Liquefied Natural Gas (LNG)
Pipeline receipts: Natural gas deliveries to LNG export terminals in South Texas were essentially unchanged at 2.3 Bcf/d, while deliveries to LNG export terminals in South Louisiana decreased slightly (1.2%) to 7.7 Bcf/d. Natural gas deliveries to LNG export terminals in the Northeast and Atlantic Coast were relatively unchanged at a combined 1.1 Bcf/d this week. Calcasieu Pass, in Cameron Parish, Louisiana, continues to increase production. Feedgas deliveries to the terminal via the TransCameron Pipeline averaged 1.4 Bcf/d this week and reached a record level of 1.5 Bcf/d on July 8. Vessels departing U.S. ports: U.S. LNG exports increased by four vessels this week from last week.

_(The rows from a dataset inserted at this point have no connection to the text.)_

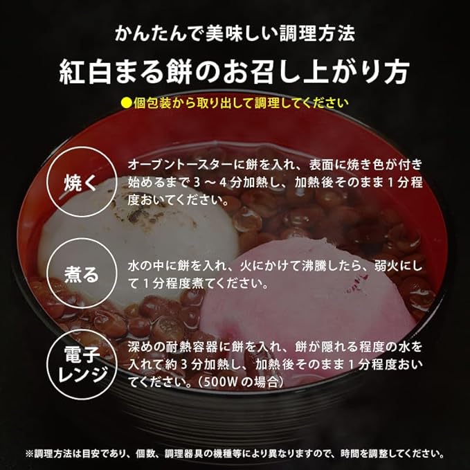 ◆栄養成分(1コ30gあたり):【紅もち】熱量 77kcaL、たんぱく質 1.4g、脂質 0.2g、炭水化物 16.5g、ナトリウム 2.1mg【白もち】熱量 75kcaL、たんぱく質 1.5g、脂質 0.2g、炭水化物 16.0g、ナトリウム 1.5mg
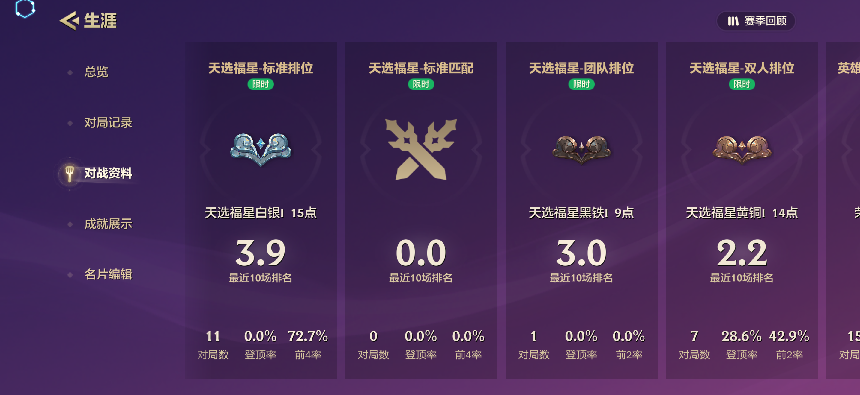 荣耀黄金/单排段位
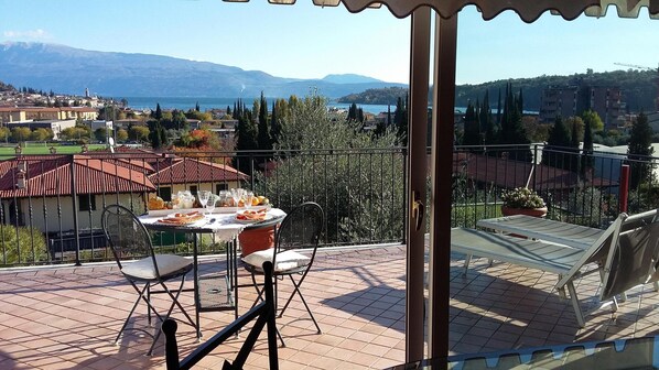 Die Wohnung verfügt über ein zusätzlich gefliestes Solarium mit Seeblick. Dieses Solarium ist von Kräutern (Rosmarin, Salbei, Minze, Oregano) begrenzt und verfügt über einen Sonnenschirm und einen Strandkorb. Hier können Sie entspannt ein Buch lesen, einen guten Spritz trinken und die Natur genießen.

Twenty-three LNG vessels (seven from Sabine Pass, five from Corpus Christi, four each from Calcasieu Pass and Cameron, two from Cove Point, and one from Elba Island) with a combined LNG-carrying capacity of 84 Bcf departed the United States between July 7 and July 13 according to shipping data provided by Bloomberg Finance, L.P. Export terminals: Calcasieu Pass, operated by Venture Global Calcasieu Pass, LLC, in Cameron Parish, Louisiana, received approval from the Federal Energy Regulatory Commission (FERC) to commission Liquefaction Block 9. With this authorization, Calcasieu Pass has commissioned all nine blocks of two liquefaction trains each.
Rig Count
According to Baker Hughes, for the week ending Tuesday, July 6, the natural gas rig count was unchanged from a week ago at 153 rigs. The number of oil-directed rigs increased by 2 rigs to 597 rigs. The Granite Wash and the Permian each added one rig. The total rig count now stands at 752 rigs, the highest level since March 20, 2020, and 273 rigs more than the same week last year.
Storage
The net injections into storage totaled 58 Bcf for the week ending July 8, compared with the five-year (2017–2021) average net injections of 55 Bcf and last year’s net injections of 49 Bcf during the same week. Working natural gas stocks totaled 2,369 Bcf, which is 319 Bcf (10%) lower than the five-year average and 252 Bcf (12%) lower than last year at this time. According to The Desk survey of natural gas analysts, estimates of the weekly net change to working natural gas stocks ranged from net injections of 43 Bcf to 69 Bcf, with a median estimate of 56 Bcf. The average rate of injections into storage is 4% lower than the five-year average so far in the refill season (April through October). If the rate of injections into storage matched the five-year average of 8.3 Bcf/d for the remainder of the refill season, the total inventory would be 3,326 Bcf on October 31, which is 319 Bcf lower than the five-year average of 3,645 Bcf for that time of year. More storage data and analysis can be found on the Natural Gas Storage Dashboard and the Weekly Natural Gas Storage Report.
Other Market Drivers
The Electric Reliability Council of Texas (ERCOT) issued an appeal to Texans to conserve electricity Monday, July 11, between 2:00 p.m. and 8:00 p.m. in response to extreme hot weather. Daytime temperatures in the Houston Area exceeded 100°F. ERCOT avoided rolling black- or brown-outs as a result. Energy Transfer, operator of the Old Ocean Pipeline, shut in the 0.2 Bcf/d system following a fire on Thursday on a section of the system in Fort Bend County, Texas. The pipeline carries natural gas from the Permian Basin to the Houston area.